How to determine if there are n consecutive pieces of the same color after every move?

Question

Suppose I have some board game with 2 players. Each player takes turns placing pieces of the board at random locations. A player wins if they have n consecutive pieces in a row (vertically or horizontally). Note that the board can extended indefinitely.

I want to a implement a game such as this, but I'm stuck on how to check the winning condition efficiently. After every move, we can, off coarse, check in all 4 directions to see if we satisfied the winning condition, but that's a O(n) search after every move.

I was thinking of caching the results, although I don't think that helps in this case.
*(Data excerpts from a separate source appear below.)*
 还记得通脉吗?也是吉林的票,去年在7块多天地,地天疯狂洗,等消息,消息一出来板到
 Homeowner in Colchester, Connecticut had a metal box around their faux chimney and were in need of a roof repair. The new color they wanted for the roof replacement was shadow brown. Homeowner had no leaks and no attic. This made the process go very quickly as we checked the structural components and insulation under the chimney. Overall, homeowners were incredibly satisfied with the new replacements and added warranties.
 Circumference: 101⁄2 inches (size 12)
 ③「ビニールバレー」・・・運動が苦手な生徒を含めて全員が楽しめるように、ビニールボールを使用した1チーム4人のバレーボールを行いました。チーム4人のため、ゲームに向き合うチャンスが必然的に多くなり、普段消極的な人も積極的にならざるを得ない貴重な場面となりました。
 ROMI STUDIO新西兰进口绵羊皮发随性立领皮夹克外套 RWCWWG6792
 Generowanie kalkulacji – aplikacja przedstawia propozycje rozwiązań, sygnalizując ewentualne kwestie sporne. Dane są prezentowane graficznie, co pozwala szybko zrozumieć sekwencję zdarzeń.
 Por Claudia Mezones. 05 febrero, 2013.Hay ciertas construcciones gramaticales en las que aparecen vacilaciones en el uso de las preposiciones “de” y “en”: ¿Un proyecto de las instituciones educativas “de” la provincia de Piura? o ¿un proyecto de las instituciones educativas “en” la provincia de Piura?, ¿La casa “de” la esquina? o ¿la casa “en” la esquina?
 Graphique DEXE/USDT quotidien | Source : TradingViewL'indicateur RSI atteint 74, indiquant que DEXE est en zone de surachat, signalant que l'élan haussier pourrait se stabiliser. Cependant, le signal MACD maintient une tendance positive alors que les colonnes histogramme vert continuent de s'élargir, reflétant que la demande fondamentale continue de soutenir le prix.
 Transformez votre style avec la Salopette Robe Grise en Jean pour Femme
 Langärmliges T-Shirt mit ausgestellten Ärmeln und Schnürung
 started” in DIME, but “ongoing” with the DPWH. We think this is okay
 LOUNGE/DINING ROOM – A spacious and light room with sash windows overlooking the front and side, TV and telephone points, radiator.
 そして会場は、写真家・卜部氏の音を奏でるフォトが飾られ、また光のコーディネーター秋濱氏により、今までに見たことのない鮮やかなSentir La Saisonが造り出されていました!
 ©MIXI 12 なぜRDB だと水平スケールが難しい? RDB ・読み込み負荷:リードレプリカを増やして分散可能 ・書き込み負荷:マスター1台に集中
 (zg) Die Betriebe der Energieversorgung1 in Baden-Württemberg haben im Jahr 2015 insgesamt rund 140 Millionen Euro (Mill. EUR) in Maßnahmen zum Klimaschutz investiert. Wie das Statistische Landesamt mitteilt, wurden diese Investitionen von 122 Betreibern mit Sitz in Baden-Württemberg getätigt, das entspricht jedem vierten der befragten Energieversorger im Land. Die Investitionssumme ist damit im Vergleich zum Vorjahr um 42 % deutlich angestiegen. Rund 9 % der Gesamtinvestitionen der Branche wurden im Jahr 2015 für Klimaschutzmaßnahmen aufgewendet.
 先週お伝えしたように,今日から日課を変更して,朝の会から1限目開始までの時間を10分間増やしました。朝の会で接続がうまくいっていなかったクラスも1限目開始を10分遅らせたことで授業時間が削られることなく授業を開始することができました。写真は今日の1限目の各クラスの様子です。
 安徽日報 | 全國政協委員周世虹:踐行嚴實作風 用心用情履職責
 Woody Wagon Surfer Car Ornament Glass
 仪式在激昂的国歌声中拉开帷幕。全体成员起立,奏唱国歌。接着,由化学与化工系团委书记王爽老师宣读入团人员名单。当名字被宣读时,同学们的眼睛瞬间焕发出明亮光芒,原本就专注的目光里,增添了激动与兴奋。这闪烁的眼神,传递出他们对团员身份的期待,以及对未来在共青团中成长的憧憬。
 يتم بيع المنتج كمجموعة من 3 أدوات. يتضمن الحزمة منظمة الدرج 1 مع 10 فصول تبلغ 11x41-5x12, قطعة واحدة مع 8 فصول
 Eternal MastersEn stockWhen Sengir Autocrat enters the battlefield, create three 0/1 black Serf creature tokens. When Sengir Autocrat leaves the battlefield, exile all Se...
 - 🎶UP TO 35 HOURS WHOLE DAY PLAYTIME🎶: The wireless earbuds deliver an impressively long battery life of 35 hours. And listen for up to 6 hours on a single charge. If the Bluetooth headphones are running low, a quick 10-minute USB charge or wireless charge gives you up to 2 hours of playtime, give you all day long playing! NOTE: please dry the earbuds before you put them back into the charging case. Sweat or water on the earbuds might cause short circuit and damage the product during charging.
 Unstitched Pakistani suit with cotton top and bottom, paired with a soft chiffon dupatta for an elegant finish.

e.g., suppose we have cached results at (i - 1, j) and the next piece is placed at (i, j). we can use the results at the former to compute the results at the latter, so this ends up being a O(1) search, but the problem is, we would have to then update the cached results for all the neighbors up to k squares away, so we have the same issue as before.

Is there a better way to code this problem?

Answer 1

Say each cell stores:

• status: unclaimed, player1, player2
• for each dimension (horizontal / vertical): the consecutive run length inclusive of the cell in question. Treat this as 0 for unclaimed cells.

To avoid expensive updates, we only guarantee run length correctness for the cells at the ends of consecutive runs. E.g. if you're the leftmost cell of a run, the correctness of the length of the run to the right is guaranteed.

On a player claiming a cell, check the 4 neighboring cells.

• If none of them are claimed by the same player, set both dimensions to 1.
• If one or more of them are claimed by the same player, update the endpoints of the relevant runs to reflect the new length.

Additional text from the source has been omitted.